Electronic Arts (NAS: EA) reported earnings on Jan. 30. Here are the numbers you need to know.
The 10-second takeaway
For the quarter ended Dec. 31 (Q3), Electronic Arts missed estimates on revenues and beat slightly on earnings per share.
Compared to the prior-year quarter, revenue dropped significantly and GAAP loss per share dropped.
Margins grew across the board.
Electronic Arts logged revenue of $1.18 billion. The 23 analysts polled by S&P Capital IQ expected a top line of $1.29 billion on the same basis. GAAP reported sales were 13% lower than the prior-year quarter's $1.06 billion.
Source: S&P Capital IQ. Quarterly periods. Dollar amounts in millions. Non-GAAP figures may vary to maintain comparability with estimates.

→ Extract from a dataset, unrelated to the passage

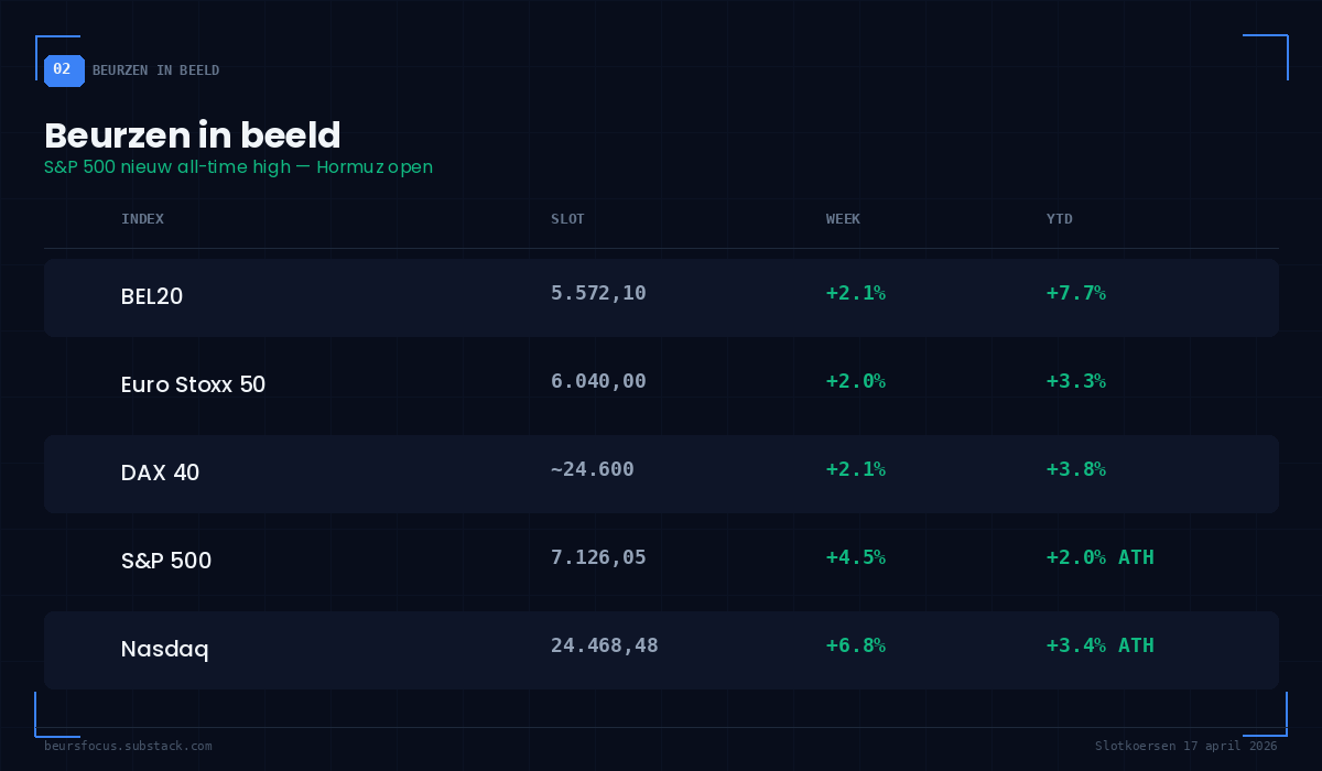 BeursFocus Editie #10 — S&P 500 op all-time high, Hormuz open en weer dicht, en beide portefeuilles in het groen

EPS came in at $0.57. The 24 earnings estimates compiled by S&P Capital IQ predicted $0.56 per share. GAAP EPS were -$0.15 for Q3 compared to -$0.62 per share for the prior-year quarter.
Source: S&P Capital IQ. Quarterly periods. Non-GAAP figures may vary to maintain comparability with estimates.

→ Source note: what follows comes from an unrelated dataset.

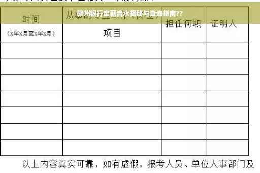 摘要:本文将揭示赣州银行的定薪流水细节,包括其查询方法和流程。通过深入了解定薪流水的操作,帮助读者更好地掌握个人薪资状况及银行流水信息。本文还将提供相关的注意事项和建议,以确保查询过程的安全和准确性。

For the quarter, gross margin was 53.5%, 550 basis points better than the prior-year quarter. Operating margin was -8.9%, 940 basis points better than the prior-year quarter. Net margin was -4.9%, 1,440 basis points better than the prior-year quarter.
Next quarter's average estimate for revenue is $1.22 billion. On the bottom line, the average EPS estimate is $0.72.
Next year's average estimate for revenue is $4.07 billion. The average EPS estimate is $1.02.
The stock has a two-star rating (out of five) at Motley Fool CAPS, with 1,952 members out of 2,228 rating the stock outperform, and 276 members rating it underperform. Among 560 CAPS All-Star picks (recommendations by the highest-ranked CAPS members), 485 give Electronic Arts a green thumbs-up, and 75 give it a red thumbs-down.
Of Wall Street recommendations tracked by S&P Capital IQ, the average opinion on Electronic Arts is hold, with an average price target of $16.10.